Plus tôt cette semaine, Nvidia a lancé DLSS 5, une nouvelle technologie de mise à l’échelle générative de l’IA qui prétend permettre aux développeurs de se rapprocher encore plus de la réalisation de leurs visions artistiques en mettant d’étranges visages pornographiques IA sur des personnages populaires comme Grace de Resident Evil Requiem. Les gens se sont mis en colère. Vraiment fou. Nvidia réagit désormais en doublant la mise à l’échelle.

Le PDG Jensen Huang a été interrogé sur la réaction en ligne lors de la conférence sur la technologie GPU de cette semaine par Le matériel de Tom. « Eh bien, tout d’abord, ils ont complètement tort », a-t-il répondu, arguant que le contrôle total de la technologie reste entre les mains des développeurs de jeux.

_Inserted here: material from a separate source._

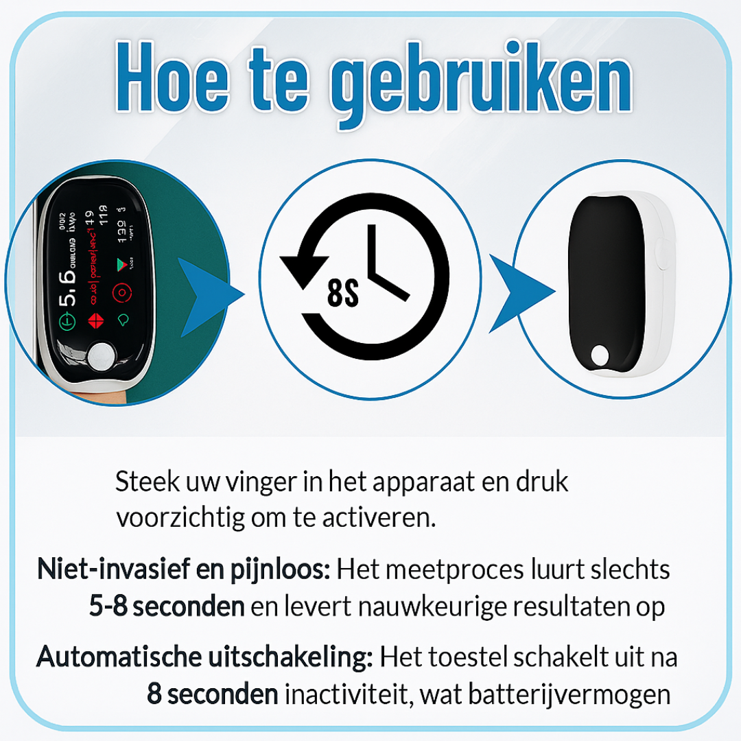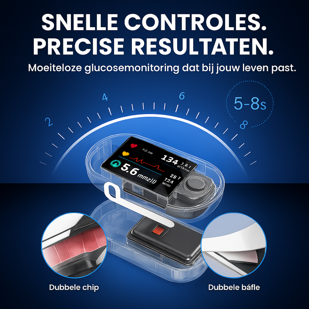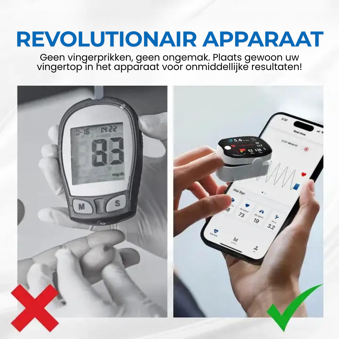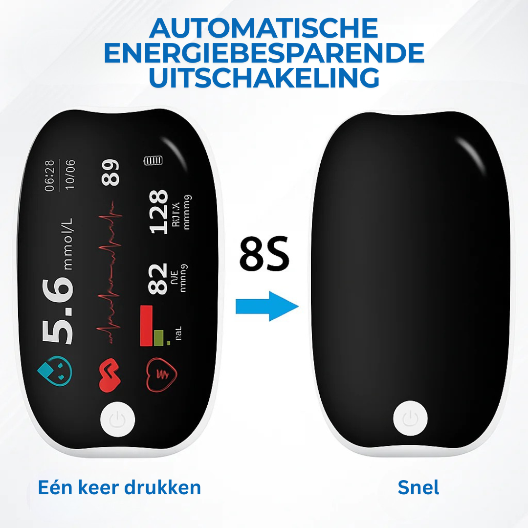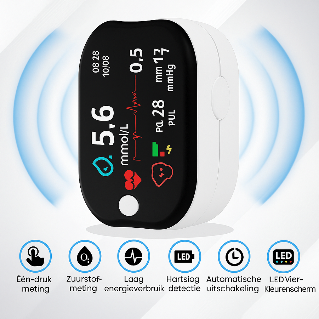 Dankzij het compacte ontwerp en de eenvoudige éénknopsbediening is GlucoSense ideaal voor gebruik in huis. Meet moeiteloos je bloedsuiker, bloeddruk, zuurstofgehalte én hartslag – alles in één apparaat, zonder artsbezoek of wachttijd.

« DLSS 5 fusionne la contrôlabilité de la géométrie et des textures et tout ce qui concerne le jeu avec l’IA générative », a déclaré Huang. « Ce n’est pas du post-traitement, ce n’est pas du post-traitement au niveau de l’image, c’est un contrôle génératif au niveau de la géométrie. »

Il a affirmé que les développeurs qui sont à bord de la technologie, notamment chez Capcom et Bethesda, peuvent « affiner l’IA générative » pour façonner les visuels de leur jeu comme ils le souhaitent. DLSS 5 ajoute une nouvelle couche de fidélité générative alimentée par l’IA, mais ne supprime pas le « contrôle artistique ».

Huang réagit peut-être à la façon dont la plupart des gens ont interprété et digéré la technologie en ligne, qui est essentiellement une sorte de « filtre à slop » qui ajoute une étrange couche d’hyper-fidélité aux jeux basés sur des modèles de formation génériques plutôt que sur la vision des artistes originaux.

Cela est dû au moins en partie à la façon dont les vidéos de démonstration montrent les comparaisons avant et après qui font les visages des personnages dans des jeux comme Champ d’étoiles et L’héritage de Poudlard On dirait des doublures yassifiées. L’argument de Huang est que cela est calibré au niveau du développeur plutôt que via un algorithme de post-traitement.

Je ne suis pas sûr que la logique fasse une grande différence pour les fans actuellement horrifiés par les premiers résultats de la technologie. Après tout, qu’est-ce qui est pire ? DLSS 5 en tant que filtre bon marché ou DLSS 5 en tant que fusion de l’IA générative dans la géométrie fondamentale qui définit l’apparence et la convivialité d’un jeu ?

DLSS 5 pourrait faire des merveilles pour des détails plus génériques comme l’éclairage environnemental, mais les outils sont par nature quelque peu aléatoires et imprévisibles. Jusqu’à présent, la seule question que se posent la plupart des gens à propos du DLSS 5 est de savoir si Nvidia peut garantir une option permettant de le garder désactivé.